- **Work item**: Exactly the lines from the one with "Den Teig in" through the end of the records below are to be output, the first and last included, and no others.
====
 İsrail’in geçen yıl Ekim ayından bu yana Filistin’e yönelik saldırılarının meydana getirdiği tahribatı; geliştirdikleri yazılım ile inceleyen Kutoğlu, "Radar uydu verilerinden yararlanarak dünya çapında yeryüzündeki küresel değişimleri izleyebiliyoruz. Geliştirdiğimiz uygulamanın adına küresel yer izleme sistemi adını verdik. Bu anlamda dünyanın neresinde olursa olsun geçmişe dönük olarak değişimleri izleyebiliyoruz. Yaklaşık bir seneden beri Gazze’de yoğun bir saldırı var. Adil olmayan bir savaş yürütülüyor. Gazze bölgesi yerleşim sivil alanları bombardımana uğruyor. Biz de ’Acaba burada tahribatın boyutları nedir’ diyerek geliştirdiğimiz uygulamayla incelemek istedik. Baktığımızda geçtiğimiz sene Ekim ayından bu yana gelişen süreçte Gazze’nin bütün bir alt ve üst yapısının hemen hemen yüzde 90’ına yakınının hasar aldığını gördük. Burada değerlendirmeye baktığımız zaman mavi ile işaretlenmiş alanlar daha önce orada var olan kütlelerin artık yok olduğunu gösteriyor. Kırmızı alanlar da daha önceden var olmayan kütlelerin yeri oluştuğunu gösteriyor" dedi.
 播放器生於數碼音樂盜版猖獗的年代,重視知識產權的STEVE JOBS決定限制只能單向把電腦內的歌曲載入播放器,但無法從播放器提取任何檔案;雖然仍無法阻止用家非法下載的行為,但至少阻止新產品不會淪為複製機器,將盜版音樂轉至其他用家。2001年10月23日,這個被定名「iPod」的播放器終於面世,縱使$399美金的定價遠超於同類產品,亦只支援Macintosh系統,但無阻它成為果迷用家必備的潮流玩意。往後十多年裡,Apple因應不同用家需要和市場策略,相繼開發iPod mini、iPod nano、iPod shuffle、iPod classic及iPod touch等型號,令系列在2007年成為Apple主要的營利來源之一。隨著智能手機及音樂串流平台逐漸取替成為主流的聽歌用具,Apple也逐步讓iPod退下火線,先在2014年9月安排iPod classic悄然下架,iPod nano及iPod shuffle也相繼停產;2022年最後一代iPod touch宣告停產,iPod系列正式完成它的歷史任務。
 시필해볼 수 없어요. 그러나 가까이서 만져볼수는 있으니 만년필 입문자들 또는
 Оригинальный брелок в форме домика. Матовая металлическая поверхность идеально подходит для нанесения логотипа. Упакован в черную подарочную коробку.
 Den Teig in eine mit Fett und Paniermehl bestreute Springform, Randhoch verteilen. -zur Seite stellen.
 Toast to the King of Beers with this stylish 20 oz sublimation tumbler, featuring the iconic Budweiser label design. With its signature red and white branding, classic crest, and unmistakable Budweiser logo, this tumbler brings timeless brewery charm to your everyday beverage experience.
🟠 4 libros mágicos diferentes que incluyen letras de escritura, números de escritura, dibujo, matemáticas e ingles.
====
- **Written response**:
 Den Teig in eine mit Fett und Paniermehl bestreute Springform, Randhoch verteilen. -zur Seite stellen.
 Toast to the King of Beers with this stylish 20 oz sublimation tumbler, featuring the iconic Budweiser label design. With its signature red and white branding, classic crest, and unmistakable Budweiser logo, this tumbler brings timeless brewery charm to your everyday beverage experience.
🟠 4 libros mágicos diferentes que incluyen letras de escritura, números de escritura, dibujo, matemáticas e ingles.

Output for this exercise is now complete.